Family of Al-Jazeera journalist imprisoned in Egypt has requested his deportation
The family of a Canadian-Egyptian journalist for Al-Jazeera English who is imprisoned in Egypt said Tuesday they have requested his deportation and were told by a senior official the process is in its "final stages."
Three Al-Jazeera English journalists — Canadian-Egyptian Mohammed Fahmy, Australian Peter Greste and Egyptian Baher Mohammed — have been held for more than a year on terror-related charges. Last week an Egyptian court ordered a retrial, after a Greste and Fahmy had been sentenced to seven years in prison and Mohammed to 10 years last June.
The case has sparked widespread condemnation from international rights groups and other media outlets, who say the journalists have been unjustly jailed for doing their job. Greste's family said they have also applied for deportation.

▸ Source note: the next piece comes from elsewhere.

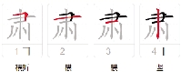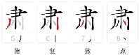 “肃”字在书写时需在三处特别注意:首先,第二笔是长横,一定要突破折笔通出去,这是表示手的“又”字中长长的手臂;其次,第五笔是竖撇,这是由“<\\10.102.26.44\xsbdata\pic\tp\2023年图片库\image0119.tif>”字演变而来的,应该指深渊一边的水岸,如果不写好,容易与第七笔的短撇雷同;最后,下半部分四笔的顺序是由外而内、从左到右(详见下图)。

In their initial trial, prosecutors presented no concrete evidence, only samples of the team's news reports on protests, with no proof of falsification or of an alleged connection to the Muslim Brotherhood. The group was designated a terrorist organization following the military's ouster of Islamist President Mohammed Morsi in 2013.
In November President Abdel Fattah el-Sissi issued a new decree granting him the power to deport foreign defendants convicted or accused of crimes, a move that could allow him to free Fahmy and Greste. However, Mohammed's case remains more uncertain as he holds only Egyptian citizenship.
In an opinion piece published Tuesday in the New York Times, Fahmy said the journalists have been "pawns in a geopolitical game that had nothing to do with our work as impartial professionals."
The case is believed to stem from Egypt's rivalry with Qatar, which funds Doha-based Al-Jazeera, and which was a close ally of Morsi. In recent weeks Egypt and Qatar have moved to thaw relations, raising hopes the three journalists could be freed.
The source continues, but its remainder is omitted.